[Opening Information shown section]

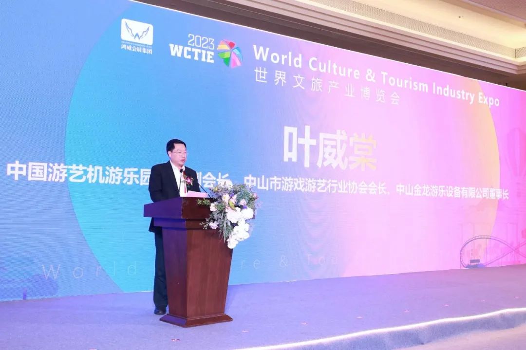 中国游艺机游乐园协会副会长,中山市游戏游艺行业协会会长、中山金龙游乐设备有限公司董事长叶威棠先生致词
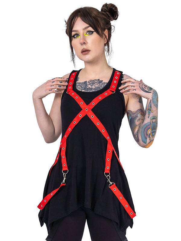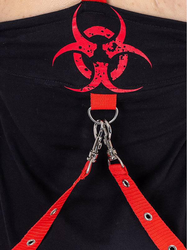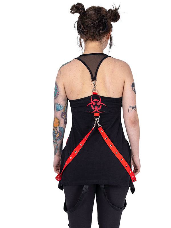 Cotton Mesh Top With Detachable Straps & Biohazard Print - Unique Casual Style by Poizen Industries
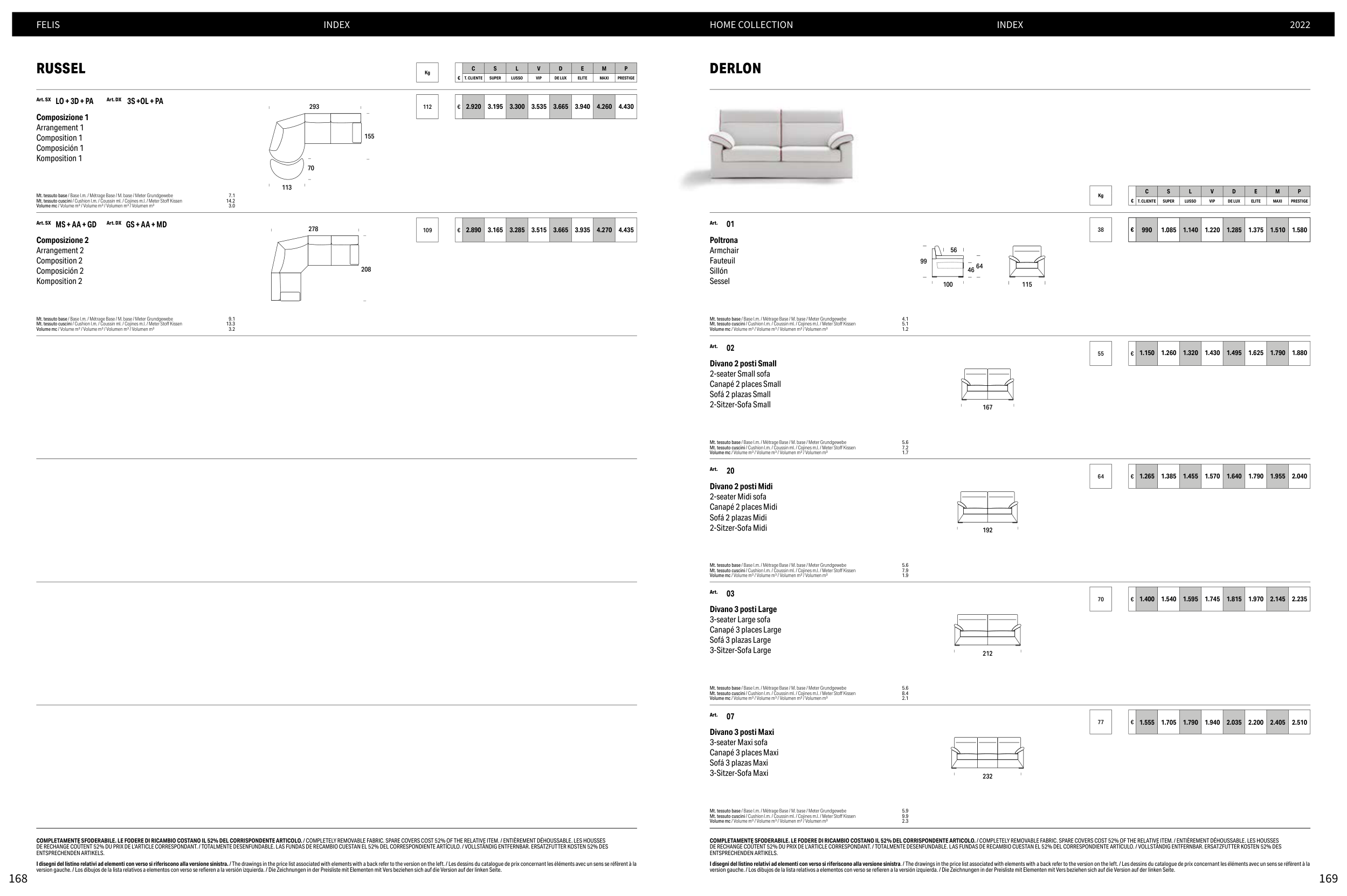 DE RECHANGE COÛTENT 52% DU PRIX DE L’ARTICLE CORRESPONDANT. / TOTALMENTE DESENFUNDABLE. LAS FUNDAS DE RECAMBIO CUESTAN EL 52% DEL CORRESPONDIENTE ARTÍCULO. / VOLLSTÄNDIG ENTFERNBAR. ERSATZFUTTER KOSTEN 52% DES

[Closing Information shown section]
[Opening Information shown section]

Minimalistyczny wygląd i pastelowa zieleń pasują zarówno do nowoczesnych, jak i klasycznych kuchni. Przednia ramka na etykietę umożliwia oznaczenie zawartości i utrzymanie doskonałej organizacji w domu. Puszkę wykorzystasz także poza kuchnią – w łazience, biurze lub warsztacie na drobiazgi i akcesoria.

[Closing Information shown section]
[Opening Information shown section]

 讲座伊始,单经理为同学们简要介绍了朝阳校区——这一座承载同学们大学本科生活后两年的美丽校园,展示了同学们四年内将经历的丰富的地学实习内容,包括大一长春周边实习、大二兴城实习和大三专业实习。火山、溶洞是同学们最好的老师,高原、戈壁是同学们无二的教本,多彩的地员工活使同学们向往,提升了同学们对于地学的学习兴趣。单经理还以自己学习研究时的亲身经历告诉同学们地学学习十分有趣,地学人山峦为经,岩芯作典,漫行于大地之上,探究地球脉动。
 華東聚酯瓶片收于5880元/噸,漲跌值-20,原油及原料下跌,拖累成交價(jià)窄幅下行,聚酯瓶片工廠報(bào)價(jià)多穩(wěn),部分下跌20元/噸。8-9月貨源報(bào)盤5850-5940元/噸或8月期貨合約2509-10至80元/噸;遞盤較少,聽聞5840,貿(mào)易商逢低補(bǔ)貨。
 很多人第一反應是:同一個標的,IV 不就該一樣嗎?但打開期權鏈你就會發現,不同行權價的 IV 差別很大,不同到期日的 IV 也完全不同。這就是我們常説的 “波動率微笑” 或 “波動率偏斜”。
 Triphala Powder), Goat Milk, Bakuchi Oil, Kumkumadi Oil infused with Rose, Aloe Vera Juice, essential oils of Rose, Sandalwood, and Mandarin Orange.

[Closing Information shown section]

Brief
In the material above, the stretch from the line with "中国游艺机游乐园协会副会长,中山市游戏游" through the line with "DE RECHANGE COÛTENT" is to be given again exactly, minus the pictures.

Solution to this exercise
 中国游艺机游乐园协会副会长,中山市游戏游艺行业协会会长、中山金龙游乐设备有限公司董事长叶威棠先生致词
 Cotton Mesh Top With Detachable Straps & Biohazard Print - Unique Casual Style by Poizen Industries
 DE RECHANGE COÛTENT 52% DU PRIX DE L’ARTICLE CORRESPONDANT. / TOTALMENTE DESENFUNDABLE. LAS FUNDAS DE RECAMBIO CUESTAN EL 52% DEL CORRESPONDIENTE ARTÍCULO. / VOLLSTÄNDIG ENTFERNBAR. ERSATZFUTTER KOSTEN 52% DES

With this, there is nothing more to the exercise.